Written by Athol Fugard and premiering on the Broadway stage in 1982, “Master Harold”…and the boys
is an award-winning play that explores themes of racism and bigotry in South Africa during Apartheid.
The story opens one rainy afternoon in Port Elizabeth, South Africa. Inside a St George’s Park tearoom, two black South African men of middle age—Sam and Willie—are bantering while cleaning the floor and practicing steps for an upcoming ballroom dance competition. Sam helps Willie with his dance moves and advises him about issues he’s having with his dance partner and girlfriend, Hilda. Willie accuses her of being unfaithful and complains she hasn’t shown up for practice. Sam points out that perhaps she hasn’t shown up because Willie beats her.
Hally, the 17-year-old son of the tearoom’s white owners, enters, returning from school. He playfully exchanges words with the two men, who are long-time family servants.

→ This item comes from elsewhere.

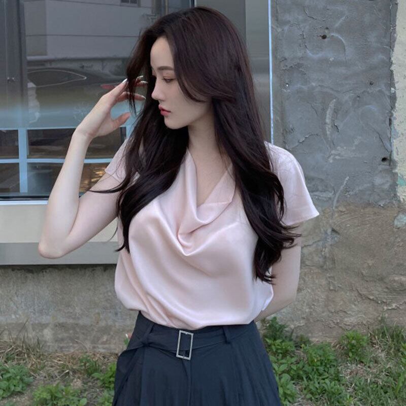 サマーVネックルーズカジュアルソリッド カラーノースリーブシャツ トップス レディース 夏物 ソリッドカラー 6/8 mi4660760678987

Hally has a friendly relationship with the two, especially Sam. Willie is more subservient, calling Hally, Master Harold, while Sam is more paternal. Sam tells Hally that his mother is visiting his father at the hospital. Hally grows upset that his father—a violent, racist, alcoholic who lost his leg during World War II—may be coming home.
Hally and Sam discuss Hally’s schoolwork, thoughts on social reform, and who in history could be considered a “man of magnitude.” Napoleon, Darwin, Shakespeare, and Jesus are all discussed before they settle on Alexander Fleming. Then they reminisce about Hally’s childhood, when he would visit Sam in his servant’s room at the boarding house his mother owned. Hally recalls happy memories spent in the room. Willie joins in and soon they are happily chatting about their time together then, playing games and giving Hally brief escapes from what he remembers as a life of “nothing but misery.”

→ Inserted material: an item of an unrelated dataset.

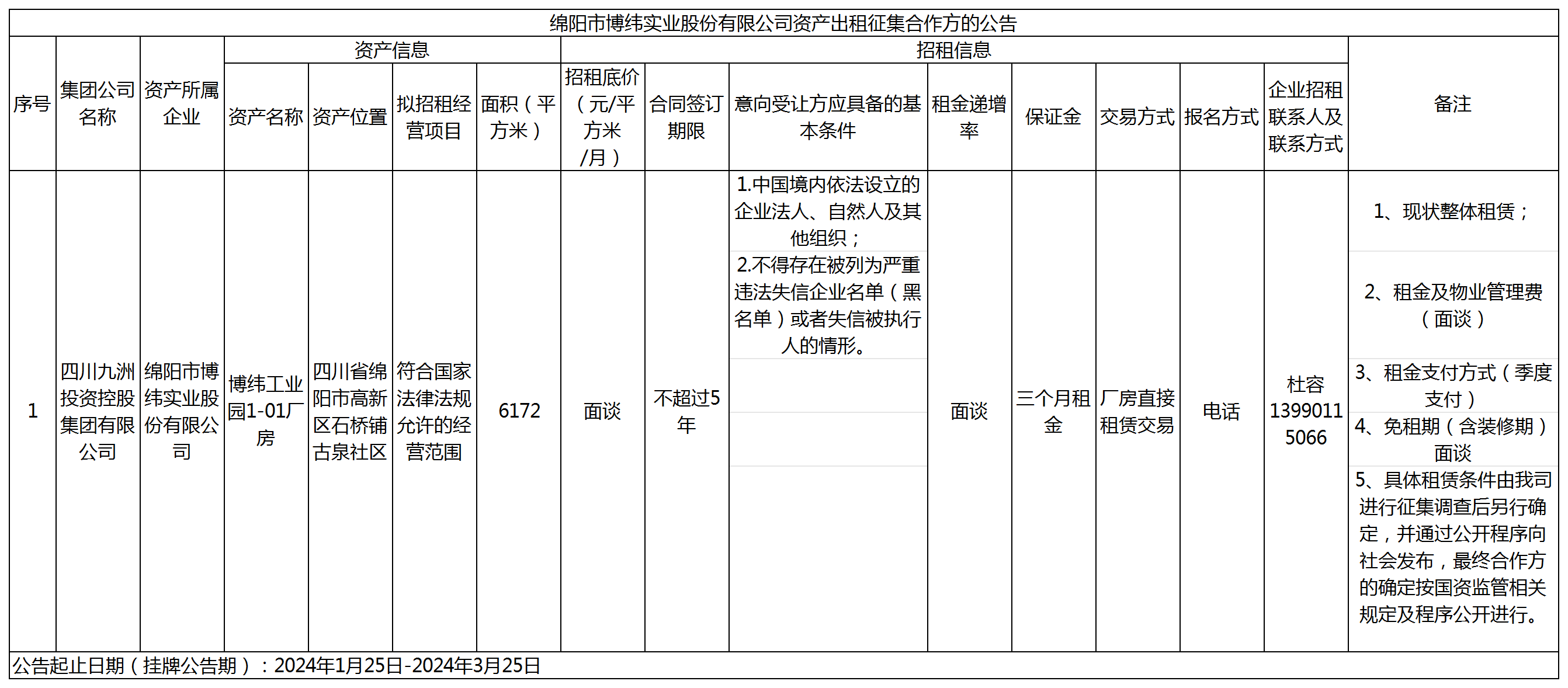 綿陽市博緯實(shí)業(yè)股份有限公司資產(chǎn)出租征集合作方的公告

Hally remembers the time Sam made him a kite, and declares it his fondest memory. Hally was certain the toy, made from scraps, wouldn’t fly because, as he puts it, “What the hell does a black man know about flying a kite?” But, it flew, and Hally was ecstatic. He wonders why Sam wouldn’t sit with him on the bench that day in the park. Sam is evasive and simply says he had to work. Hally says it’s strange, a little white boy flying a kite with a black man old enough to be his father. When Sam asks if it’s strange because one was white and the other black, Hally says he supposes it would’ve been just as strange with his crippled father, then declares he sometimes wishes they were back in that room where life “felt the right size.”
Hally’s mother calls and tells him his father wants to come home, but Hally tries desperately to convince her to make him stay. He hangs up, but fearful his mother will give in to his father, Hally begins taking his feelings out on Sam, who calmly turns Hally’s attention to homework, which is to be an essay about a cultural event—something he has no interest in doing. Sam encourages him, and Hally settles to it; however, still frustrated and angry, Hally orders Sam to get back to work washing the windows.
Sam and Willie work and talk about the competition and Hilda, with Sam trying to convince Willie to stop hitting her. Hally becomes angry when they wind up in a scuffle near him, and demands they stop all the dancing nonsense and declares dancing a simple-minded activity. This starts a discussion with Sam about the merits of dance. Sam launches into a powerful description of dance as a metaphor
for life, a beautiful moment in time when there is a “world without collisions.” Hally is enchanted by this concept. He hatches on the idea of writing his essay about the dance event. Soon, all three are excitedly working away on the idea.
Another call from Hally’s mom interrupts them. She tells Hally she is coming home with his father. He furiously lays into her, but when she puts his father on, Hally’s tone becomes cheerful and welcoming. Hally hangs up, then explodes, viciously venting his pent-up resentments. When Sam says he shouldn’t speak ill of his dad, Hally’s fury targets Sam. He cruelly lashes out, deciding to treat Sam and Willie as his father does. He begins ordering them around and belittling them. He tells Sam he must call him Master Harold from now on. Sam tells him that if says it once, he will never call Hally anything else again, but Hally insists. He continues tearing apart their relationship with every word, despite Sam warning him to stop before it’s too late. Hally tells one of his father’s racist jokes, then spits in Sam’s face. Sam, tempted to hit Hally, backs off when Willie tells him that Hally is still just a little boy.
After Hally grows quiet, Sam lets loose. He recounts the time Hally, as a child, was called to get his drunken father from a bar, and how it was Sam who carried the man home on his back and cleaned him up. Sam laments that all he has tried to do is help Hally grow into a better man than his father, and fears he has failed. He tells Hally the reason he couldn’t sit with him on the bench in the park was because it was for whites only, and that if he isn’t careful, Hally will still be sitting alone on that bench one day.
Ashamed of himself, but not knowing how to fix things, Hally starts to leave. Stopping him, Sam asks if they should build another kite; but, Hally reminds him that it’s raining, and you can’t fly a kite in the rain. Hally leaves, and Willie comforts Sam by playing a song on the jukebox. The two men dance, and Willie tells Sam he won’t hit Hilda anymore.